## Directions
Give again only what runs from the line with "多数のトップアスリートが愛用" to the final line of the entries below, exactly as written and without pictures.

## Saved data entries

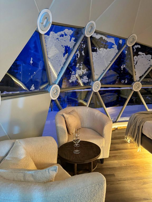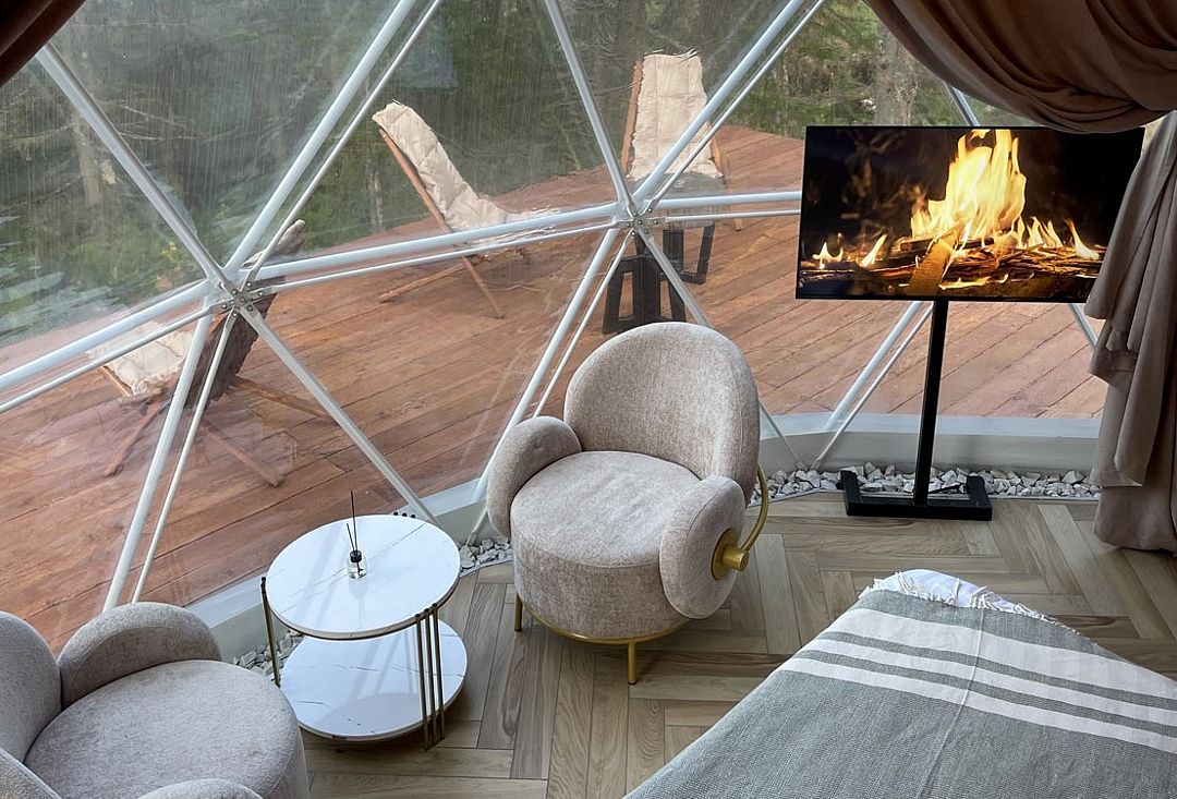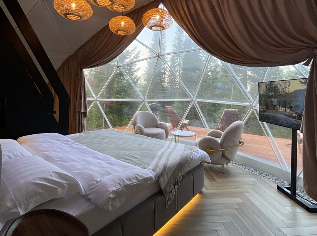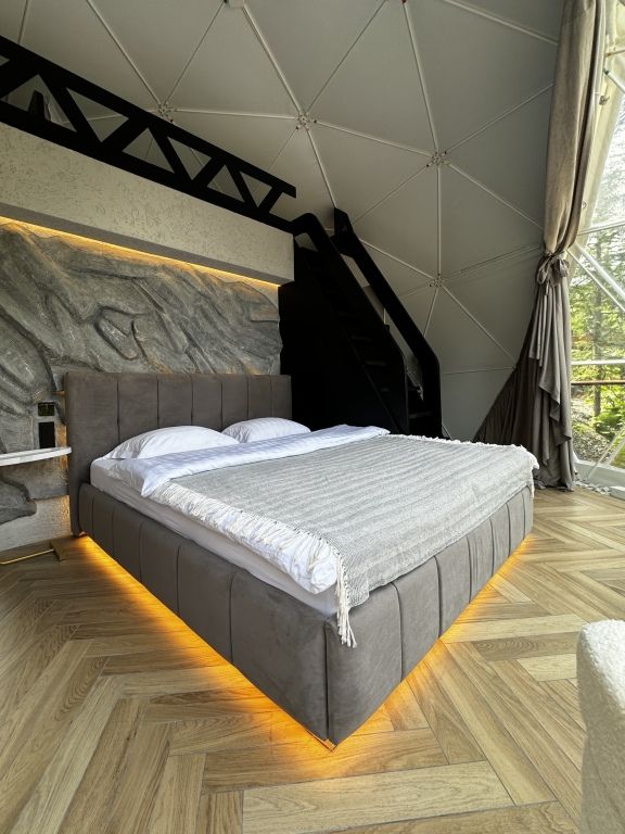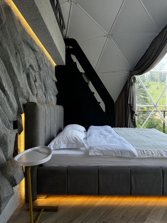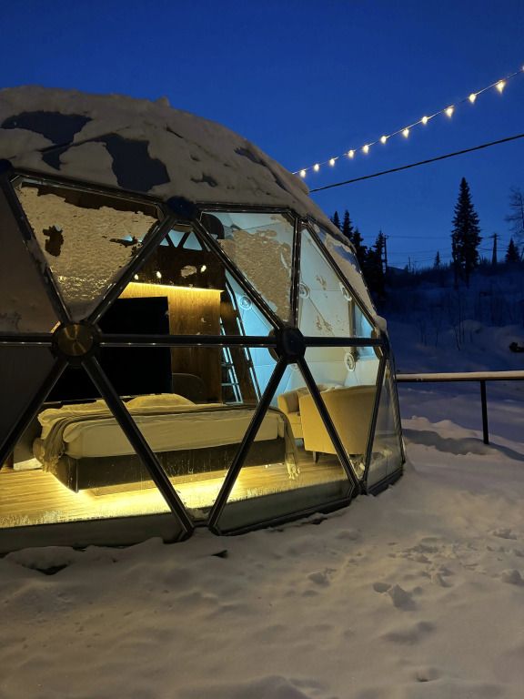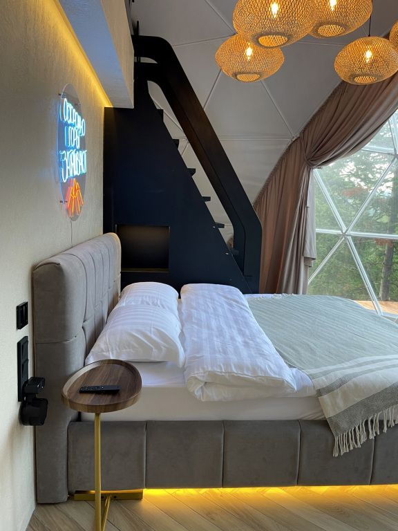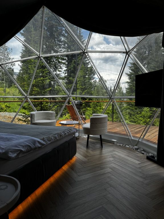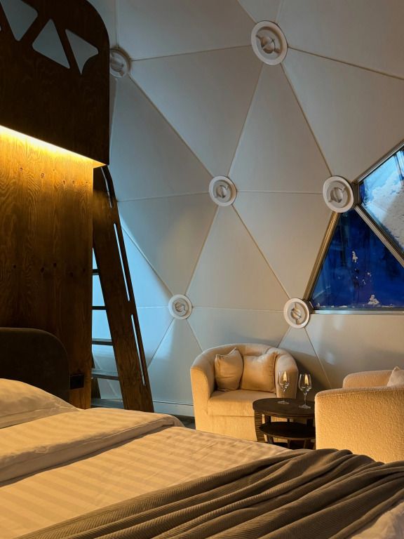 Отель, включающий в себя несколько уютных купольных домов, разместился всего в 5 минутах езды от горнолыжных подъемников. Комплекс находится вдали от городской суеты, среди живописной сибирской природы, поэтому отлично подойдет для отдыха и релакса в окружении леса и гор. Каждый купольный дом – это сочетание современного стиля и природной эстетики. В домах предусмотрено все, что нужно для проживания – теплый пол, кондиционер, удобные двуспальные кровати на первом и втором ярусе, оборудованная мини-кухня с посудой и плитой, персональный санузел с душевой кабиной. Перед каждым домом организована уютная терраса с креслами и гриль-зоной.
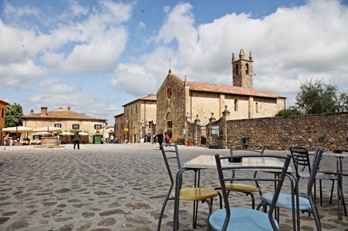 La storia di questa chiesa è strettamente legata alle vicende del castello di Monteriggioni. Venne costruita tra il 1213, anno di fondazione di Monteriggioni, e il 10 giugno 1235 quando, al suo interno, i delegati dei comuni di Siena e di Poggibonsi accettarono le condizioni di pace con i Fiorentini. La nuova parrocchia che nacque dopo la sua fondazione dipendeva dalla pieve di Marmoraia e riunì i popoli della canonica di Stomennano e della chiesa di San Giovanni a Stecchi. Lo sviluppo di Monteriggioni fece aumentare l'importanza della chiesa, tanto che alla fine del XIII secolo fu promossa a pieve: vi venne trasferito il titolo di Canonica Sanctae Marie Stemennano e vi fu posto il fonte battesimale. Aveva rendite del tutto paragonabili a quelle delle vicine pievi senesi. Fino ai primi del XIV secolo veniva usata sia per le funzioni religiose che per quelle civili. Nel 1299 vi fu posta una nuova campana ancora oggi presente, tale campana proveniva forse dalla rocca del castello.
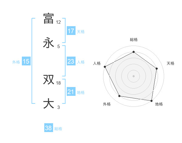 富永 双大さんの総格は38画の4点!
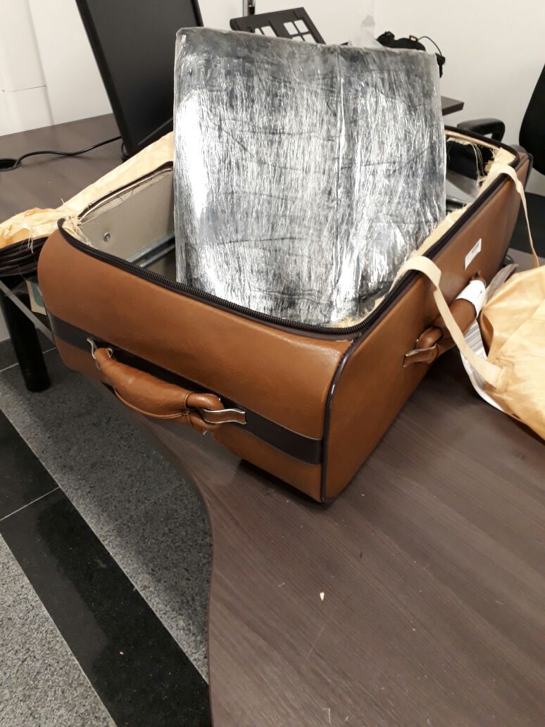 A droga foi encontrada durante o procedimento de inspeção de bagagens com o aparelho de raio-x, escondidas em fundos falsos, em duas das malas do casal. Na Europa, o entorpecente valeria cerca de R$ 800.000,00 (Oitocentos mil reais), devido ao seu alto grau de pureza.
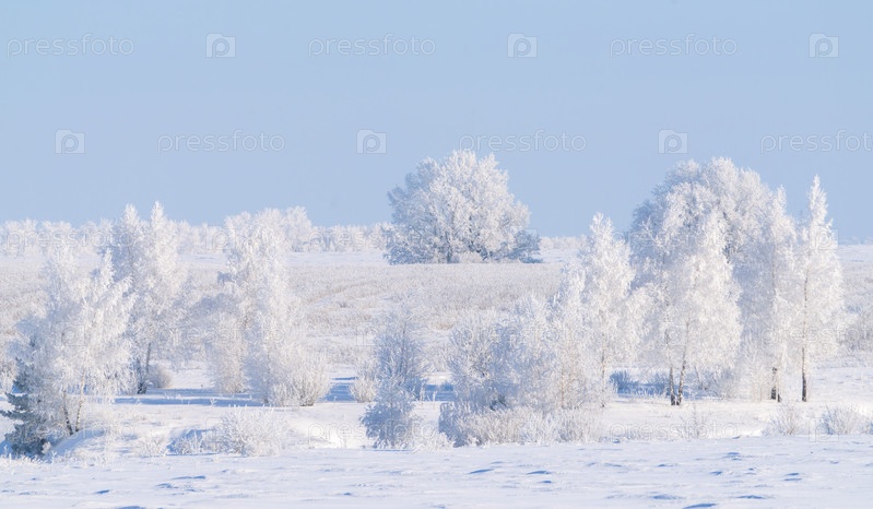 Замерзшая природа, деревья, покрытые толстым инеем в морозный зимний день
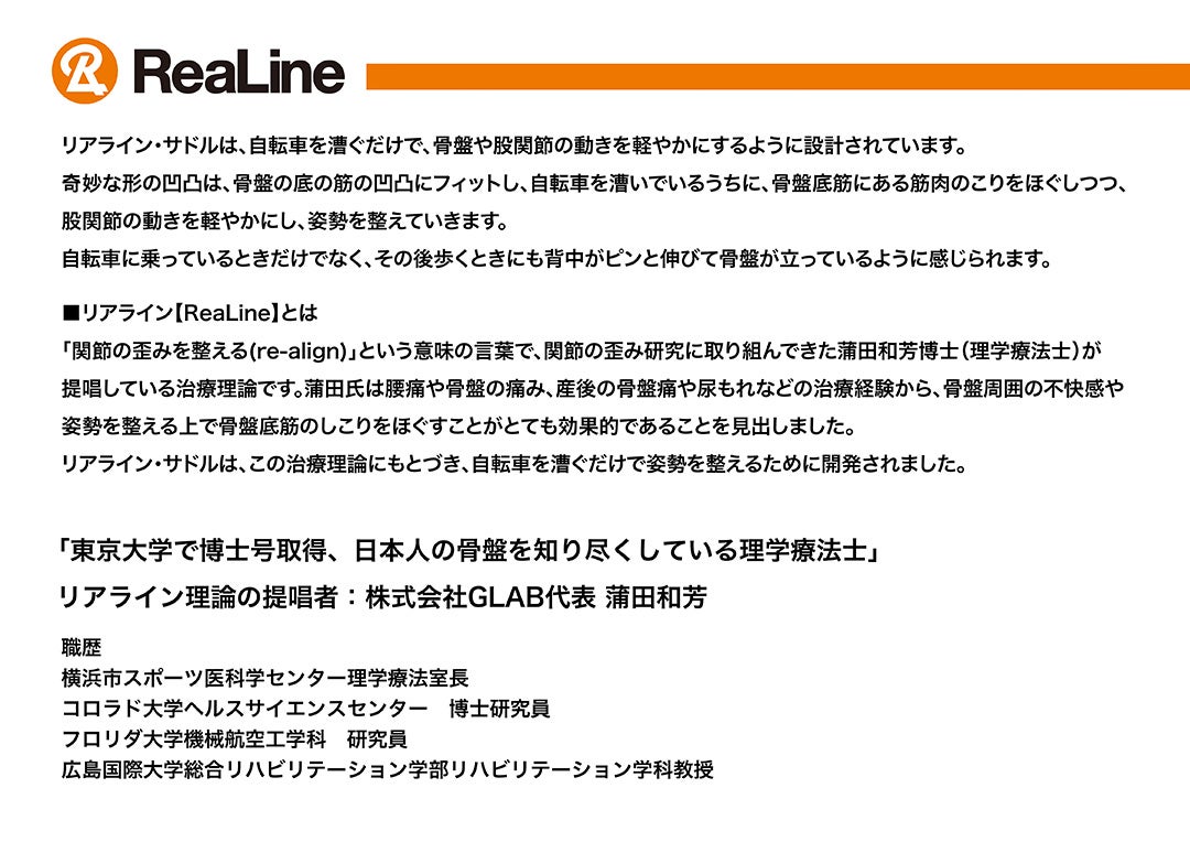 多数のトップアスリートが愛用する歪み対策の専門ブランド ReaLine(リアライン)リアライン。サドルを開発した蒲田博士は、リアライン理論の提唱者であり、各種のリアライン商品の発明者でもあります。このリアライン・サドルは、先行販売しているリューティ・ペリネライザーの特許(出願中)に基づき、自転車用の骨盤底筋トレーニング器具として開発されました。
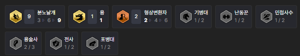 분노날개 자야덱은 분노날개(9), 용(1), 형상변환자(2)로 이루어져 있습니다. 여기에 나중에
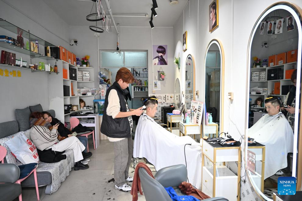 A customer has his hair cut at a barbershop in Akqi County, northwest China's Xinjiang Uygur Autonomous Region, Jan. 26, 2024. Most shops, supermarkets and other commercial facilities have resumed operation, and local people's life are returning to normal in an orderly manner in Akqi County. A 7.1-magnitude earthquake jolted Wushi County in Aksu Prefecture in northwest China's Xinjiang Uygur Autonomous Region on Jan. 23. Akqi, which is adjacent to Wushi, also suffered heavily from the quake. (Xinhua/Li Xiang)
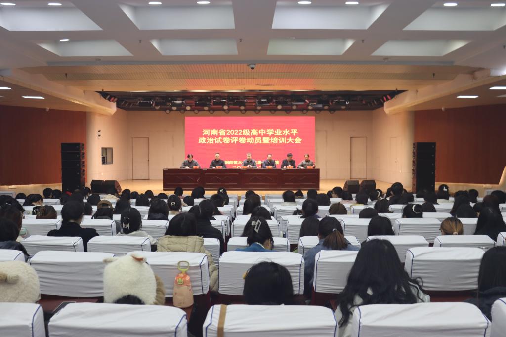 为贯彻落实《河南省普通高中学业水平考试实施办法》文件精神,加强评卷队伍建设、提高评卷质量,12月8日上午,德赢AC米兰官网在理科楼报告厅召开河南省2022级高中学业水平政治试题评卷动员暨培训大会。德赢官网党委书记李宝峰,院长唐国战,党委副书记黄煌,副院长周智、程晋富、訾其伦,学院和中学骨干教师以及评卷工作人员200余人共同参与此次大会。大会由副院长周智主持。
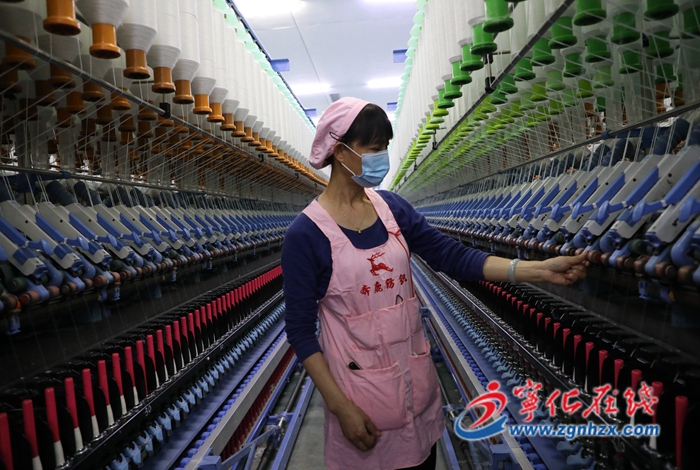 公司自2013年成立以來,已投資8億元,建設(shè)年產(chǎn)8萬枚紗錠紡紗及年產(chǎn)4.8萬噸無紡布生產(chǎn)項目,年產(chǎn)8萬枚紗錠紡紗生產(chǎn)項目于2017年正式投產(chǎn)。2021年,該公司總產(chǎn)量8400多噸,產(chǎn)值超過1億元。臨近春節(jié),該公司加大生產(chǎn)力度,不斷提高生產(chǎn)效益,進一步滿足客戶和市場需求。圖為工人正在細紗車間巡回檢查機器運轉(zhuǎn)狀況。
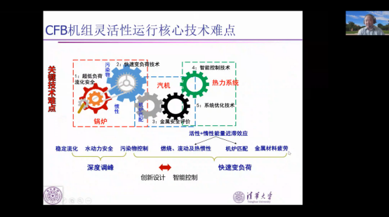 杨海瑞教授首先分析了双碳政策下我国煤电的定位,回顾了中国循环流化床技术的发展,梳理了双碳政策下中国循环流化床技术发展面临的挑战;然后从应对电网中可再生能源装机容量占比提高所带来的电网安全稳定运行和电能质量保障问题入手,介绍了燃煤发电机组灵活性运行基础问题及技术,主要从“十四五”对燃煤机组深度调峰及灵活性技术的要求、燃煤机组灵活性运行现状、循环流化床燃煤机组优势及挑战、循环流化床机组灵活性运行及对策等四个方面,阐述燃煤机组深度调峰灵活性运行的必要性、难点及潜在的技术路径。

## Exercise result
 多数のトップアスリートが愛用する歪み対策の専門ブランド ReaLine(リアライン)リアライン。サドルを開発した蒲田博士は、リアライン理論の提唱者であり、各種のリアライン商品の発明者でもあります。このリアライン・サドルは、先行販売しているリューティ・ペリネライザーの特許(出願中)に基づき、自転車用の骨盤底筋トレーニング器具として開発されました。
 분노날개 자야덱은 분노날개(9), 용(1), 형상변환자(2)로 이루어져 있습니다. 여기에 나중에
 A customer has his hair cut at a barbershop in Akqi County, northwest China's Xinjiang Uygur Autonomous Region, Jan. 26, 2024. Most shops, supermarkets and other commercial facilities have resumed operation, and local people's life are returning to normal in an orderly manner in Akqi County. A 7.1-magnitude earthquake jolted Wushi County in Aksu Prefecture in northwest China's Xinjiang Uygur Autonomous Region on Jan. 23. Akqi, which is adjacent to Wushi, also suffered heavily from the quake. (Xinhua/Li Xiang)
 为贯彻落实《河南省普通高中学业水平考试实施办法》文件精神,加强评卷队伍建设、提高评卷质量,12月8日上午,德赢AC米兰官网在理科楼报告厅召开河南省2022级高中学业水平政治试题评卷动员暨培训大会。德赢官网党委书记李宝峰,院长唐国战,党委副书记黄煌,副院长周智、程晋富、訾其伦,学院和中学骨干教师以及评卷工作人员200余人共同参与此次大会。大会由副院长周智主持。
 公司自2013年成立以來,已投資8億元,建設(shè)年產(chǎn)8萬枚紗錠紡紗及年產(chǎn)4.8萬噸無紡布生產(chǎn)項目,年產(chǎn)8萬枚紗錠紡紗生產(chǎn)項目于2017年正式投產(chǎn)。2021年,該公司總產(chǎn)量8400多噸,產(chǎn)值超過1億元。臨近春節(jié),該公司加大生產(chǎn)力度,不斷提高生產(chǎn)效益,進一步滿足客戶和市場需求。圖為工人正在細紗車間巡回檢查機器運轉(zhuǎn)狀況。
 杨海瑞教授首先分析了双碳政策下我国煤电的定位,回顾了中国循环流化床技术的发展,梳理了双碳政策下中国循环流化床技术发展面临的挑战;然后从应对电网中可再生能源装机容量占比提高所带来的电网安全稳定运行和电能质量保障问题入手,介绍了燃煤发电机组灵活性运行基础问题及技术,主要从“十四五”对燃煤机组深度调峰及灵活性技术的要求、燃煤机组灵活性运行现状、循环流化床燃煤机组优势及挑战、循环流化床机组灵活性运行及对策等四个方面,阐述燃煤机组深度调峰灵活性运行的必要性、难点及潜在的技术路径。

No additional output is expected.